For the material below, return exactly the lines starting at the one holding "Прозрачные конверты в" and ending at the one holding "One of 59 black", counting both as part of the range.

(Beginning of Supplied data)

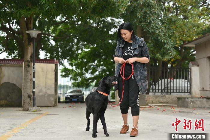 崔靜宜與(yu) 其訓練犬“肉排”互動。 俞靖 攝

(End of Supplied data)
(Beginning of Supplied data)

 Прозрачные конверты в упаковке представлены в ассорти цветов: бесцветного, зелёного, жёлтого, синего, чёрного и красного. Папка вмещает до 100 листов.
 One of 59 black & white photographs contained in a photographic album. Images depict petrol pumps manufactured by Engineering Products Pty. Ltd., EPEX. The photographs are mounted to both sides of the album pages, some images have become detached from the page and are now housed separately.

(End of Supplied data)

> **Answer for the task**:
 Прозрачные конверты в упаковке представлены в ассорти цветов: бесцветного, зелёного, жёлтого, синего, чёрного и красного. Папка вмещает до 100 листов.
 One of 59 black & white photographs contained in a photographic album. Images depict petrol pumps manufactured by Engineering Products Pty. Ltd., EPEX. The photographs are mounted to both sides of the album pages, some images have become detached from the page and are now housed separately.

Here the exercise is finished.